Where the Kissing Never Stops (16 page)

“I don’t know,” said Peggy, talking so slow and thick it was like she was half asleep or hypnotized, “maybe Walker’s right, you guys.”

“Walker’s always right,” said Rachel, just as slowly.

“What am I right about this time?” I asked, imagining that instead of tumbling out all edges and points, the nouns and verbs floated up slowly into the gorgeous blue sky, followed by the articles and prepositions just tagging along.

“This place,” Peggy said. “It’s fabulous out here. I’d kind of hate to see it swallowed up by Toys R Us and the Hair Affair.”

“You guys should see a great mall,” Rachel said dreamily.

“You wouldn’t miss this place?” Sully asked, trying to balance a Ruffle on his nose.

Rachel took a long, luxurious breath and let it out. “Don’t get me wrong. Part of me doesn’t want to see this disappear, either. I just mean it’d be nice for you guys to see a great mall, that’s all.” She reached for a carrot stick, then held it between her index and middle fingers. “It’s too bad you can’t smoke vegetables,” she mused.

“Where is this great mall?” I murmured. “We’ll go.” I turned my face toward Rachel’s, nuzzling into her dark hair until I could feel her skin. She smelled, of all things, like papaya.

“Manoa Marketplace,” she said. “But that’s in Hawaii.”

“Aloha,” said Sully. “Which means hello, goodbye, and charge it.”

“The Houston Galleria, Faneuil Hall, Ghirardelli Square,” Rachel recited. She had her hands folded primly on her tummy and she looked like a little girl who had fainted during a recitation but bravely continued.

“Can we drive to any of those? I have to be home for dinner.”

“The Emerald City’s not bad.”

“Said Dorothy to her new friends.”

“Where’s that?”

“It’s in Love’s Park, about an hour from here.”

“Then we should go,” Peggy said languidly.

“We should,” Sully added. He was smoking a carrot stick, elaborately tapping the make-believe ashes in my face. “These aren’t bad,” he mused, “but they’re not a man’s smoke. ‘I’d walk a kilometer for a carrot’ doesn’t cut it.”

“I need a kiss,” said Rachel. “Just a tiny one.”

“Kiss Rachel,” I said to Sully. “You’re closer.”

“No, no, no.” She shook her head lazily. “Sully has vegetable breath. It would be like kissing a relish tray. You kiss me.”

“I smell like cake.”

“Good.”

“I could go to a mall,” Peggy said. “I need some shoes.” Her sentence floated skyward, lazy as incense.

“They only sell red shoes in the Emerald City Mall.”

“When should we go?”

“Saturday?”

“Are we serious about this?”

All our heads nodded simultaneously.

“You know,” said Peggy, “this is like a movie.”


Four Kids Lying on the Ground.
I saw it.”

“No, a really old movie where the camera is like on the ceiling and you look down on these girls and they’re all doing the same synchronized movements?”

“Busby Berkeley,” said Sully.

“Yes.

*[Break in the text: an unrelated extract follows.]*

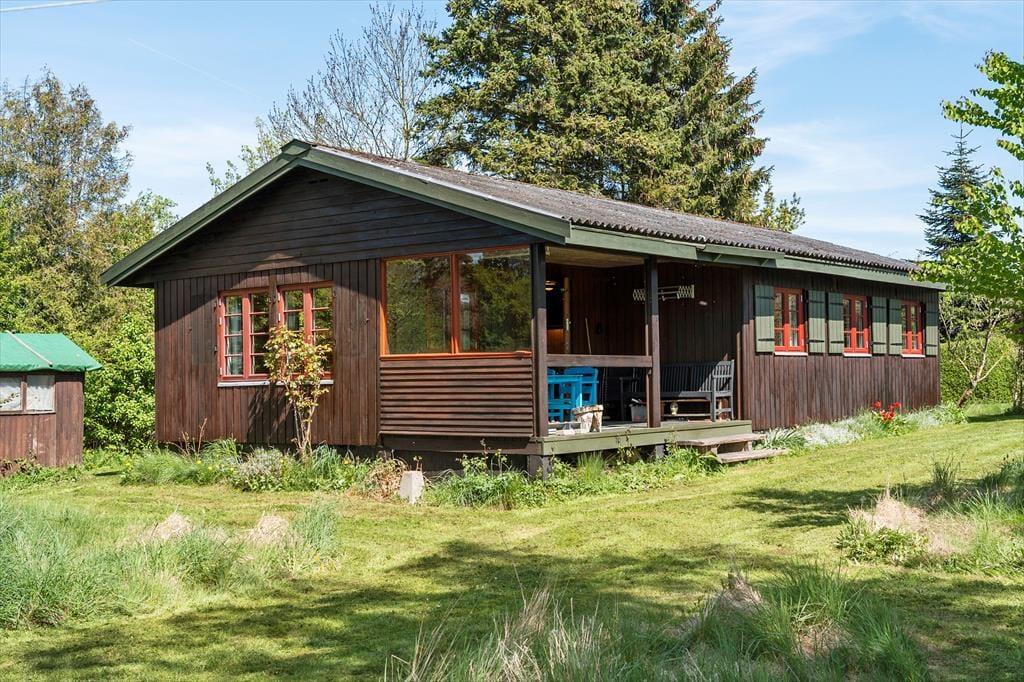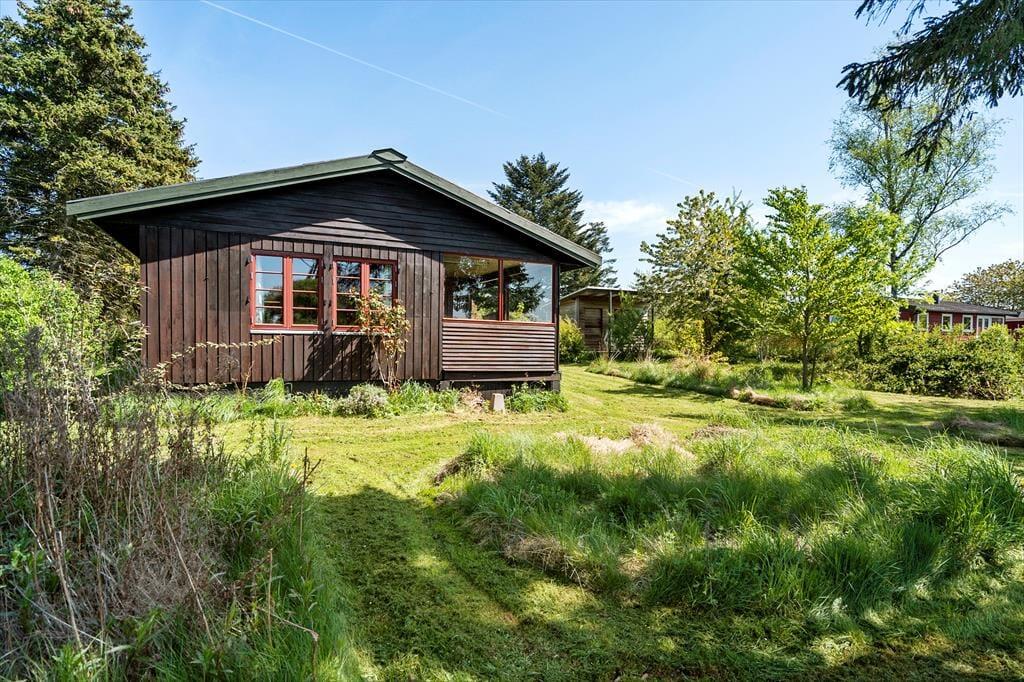 Sommerhuset er omkranset af en dejlig naturgrund/have (delvist 'vild med vilje'). Fra stuen er der udgang til en dejlig overdækket terrasse, her kan i sidde og måske tage et spil kort eller nyde et glas vin og tale om dagens oplevelser. Om aftenen når duggen falder kan I sidde under overdækningen og nyde stilheden og roen. Fra huset er der 800 meter til kysten og 1300 meter til indkøb, samt gode turmuligheder i den dejlige Østerskov 2 km væk.

Let’s do it. Everybody hold hands and put your arms back and your legs apart and we’ll make a star.”

We followed Peggy’s directions, goofing around and laughing. I don’t know if we looked like a star. What I do know is that when Peggy wanted us to make a snowflake she had us all lift one leg and point our toes, and her skirt and Rachel’s slid down. All of a sudden there were their long legs and I got this really embarrassing erection and probably destroyed the pattern completely. I mean, whoever heard of a snowflake with a boner?

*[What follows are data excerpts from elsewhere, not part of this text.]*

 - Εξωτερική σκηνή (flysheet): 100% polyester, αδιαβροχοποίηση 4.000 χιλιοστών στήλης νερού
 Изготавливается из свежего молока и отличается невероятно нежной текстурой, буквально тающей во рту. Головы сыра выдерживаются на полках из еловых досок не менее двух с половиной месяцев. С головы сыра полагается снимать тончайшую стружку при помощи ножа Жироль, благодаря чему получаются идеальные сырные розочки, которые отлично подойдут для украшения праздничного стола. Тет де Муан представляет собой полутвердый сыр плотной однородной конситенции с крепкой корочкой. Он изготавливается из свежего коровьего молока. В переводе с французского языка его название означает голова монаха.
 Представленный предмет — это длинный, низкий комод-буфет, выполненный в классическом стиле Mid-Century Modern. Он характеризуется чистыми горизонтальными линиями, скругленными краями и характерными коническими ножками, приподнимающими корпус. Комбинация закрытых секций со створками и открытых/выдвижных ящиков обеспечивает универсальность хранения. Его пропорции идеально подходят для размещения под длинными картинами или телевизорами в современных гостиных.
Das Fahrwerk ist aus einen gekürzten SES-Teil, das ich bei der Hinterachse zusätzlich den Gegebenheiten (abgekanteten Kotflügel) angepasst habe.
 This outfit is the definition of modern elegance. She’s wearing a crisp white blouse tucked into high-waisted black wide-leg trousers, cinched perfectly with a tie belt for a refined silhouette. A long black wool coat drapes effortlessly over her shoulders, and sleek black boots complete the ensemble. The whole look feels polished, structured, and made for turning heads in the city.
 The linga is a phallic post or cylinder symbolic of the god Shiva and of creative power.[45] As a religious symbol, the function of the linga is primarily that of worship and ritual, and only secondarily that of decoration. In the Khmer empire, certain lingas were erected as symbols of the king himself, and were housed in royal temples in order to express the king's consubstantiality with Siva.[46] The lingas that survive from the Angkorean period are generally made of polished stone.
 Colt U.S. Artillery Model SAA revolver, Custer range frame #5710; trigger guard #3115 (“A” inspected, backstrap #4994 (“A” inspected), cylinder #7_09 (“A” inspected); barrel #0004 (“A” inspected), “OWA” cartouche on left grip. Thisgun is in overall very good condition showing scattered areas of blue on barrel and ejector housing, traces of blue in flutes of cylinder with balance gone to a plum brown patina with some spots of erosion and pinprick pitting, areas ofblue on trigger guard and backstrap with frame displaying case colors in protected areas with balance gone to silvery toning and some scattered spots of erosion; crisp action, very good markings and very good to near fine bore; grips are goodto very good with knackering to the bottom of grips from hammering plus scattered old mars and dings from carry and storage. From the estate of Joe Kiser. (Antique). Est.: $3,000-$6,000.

Luckily Sully got tired of it or embarrassed or maybe he had a little problem of his own; anyway, he started to tickle Peggy and she rolled into him, pinning his arms to his side.

Just then Mr. Kramer’s car turned off the main road and rattled our way. We watched without saying anything as he cruised right up next to us. We all waved, brushed off our clothes, and stood up.

When Mr. Kramer got out, he touched the brim of his hat, called Rachel ma’am, and asked me how I’d been. I said all right.

“Well, I just came by to see how things looked. I’m on my way over to take some things to my oldest boy. Keepsakes,” he said softly, “and things like that.”

Rachel glanced at the car. “Can I see?” she asked. “Would you mind? I like old things.”

“Help yourself.”

As she leaned into the little gray Chevy, he and I walked toward the field where the very first oats had taken hold but not prospered. They weren’t even green like the others, but yellow like a porch light.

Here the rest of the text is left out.